- _SUPPLIED RECORDS_

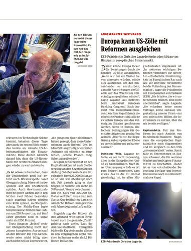 EZB-Präsidentin Christine Lagarde fordert den Abbau von Hürden im europäischen Binnenmarkt.
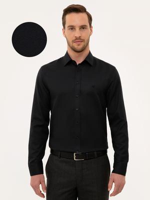 Siyah Slim Fit Armürlü Gömlek
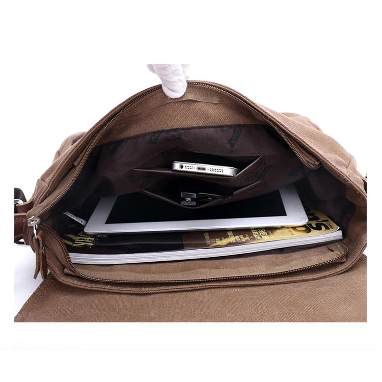 Wholesale Custom Trendy Business Casual Men Sling Bags Canvas Shoulder Crossbody Messenger Bag-7
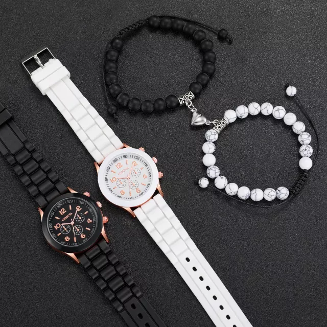 Celebrate love, friendship, or a special bond with this beautiful 4-piece set of couple watches and heart-shaped bracelets. Designed for women with a flair for fashion, these casual quartz wristwatches are a perfect match for everyday wear or special occasions. The sleek silicone band and classic Arabic numeral dial create a stylish look that complements any outfit. Whether you’re stepping out for a casual day, a date, or a social event, this set brings a touch of charm and unity to your style.
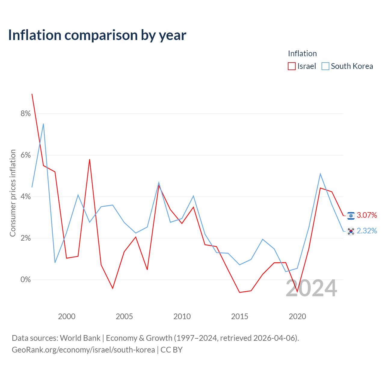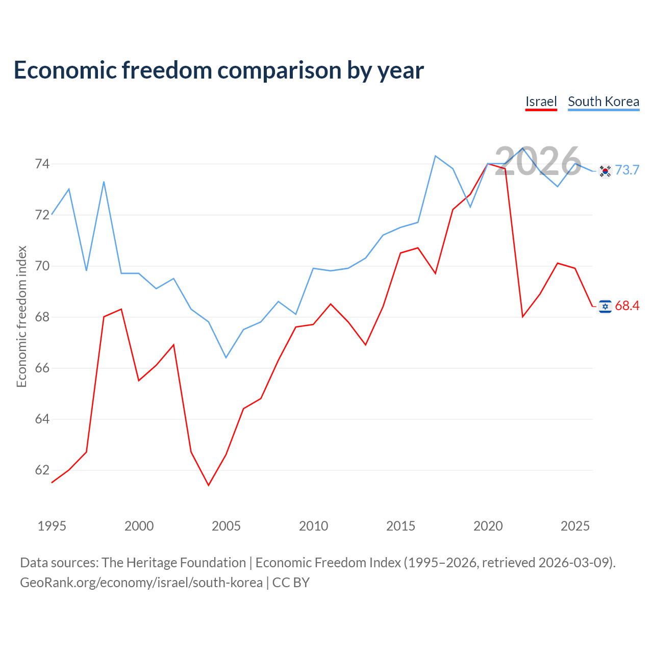The Economic Freedom Index for Israel is 68.4, ranking 47/197, compared to 73.7 for South Korea, ranking 24/197. The chart above displays a comparison of annual changes in economic freedom indexes.

- _WHAT YOU NEED TO DO_
The output consists of exactly the lines from the one containing "Celebrate love, friendship, or" through the last line of the listing, both included, with no pictures.

- _WRITTEN RESPONSE_
 Celebrate love, friendship, or a special bond with this beautiful 4-piece set of couple watches and heart-shaped bracelets. Designed for women with a flair for fashion, these casual quartz wristwatches are a perfect match for everyday wear or special occasions. The sleek silicone band and classic Arabic numeral dial create a stylish look that complements any outfit. Whether you’re stepping out for a casual day, a date, or a social event, this set brings a touch of charm and unity to your style.
The Economic Freedom Index for Israel is 68.4, ranking 47/197, compared to 73.7 for South Korea, ranking 24/197. The chart above displays a comparison of annual changes in economic freedom indexes.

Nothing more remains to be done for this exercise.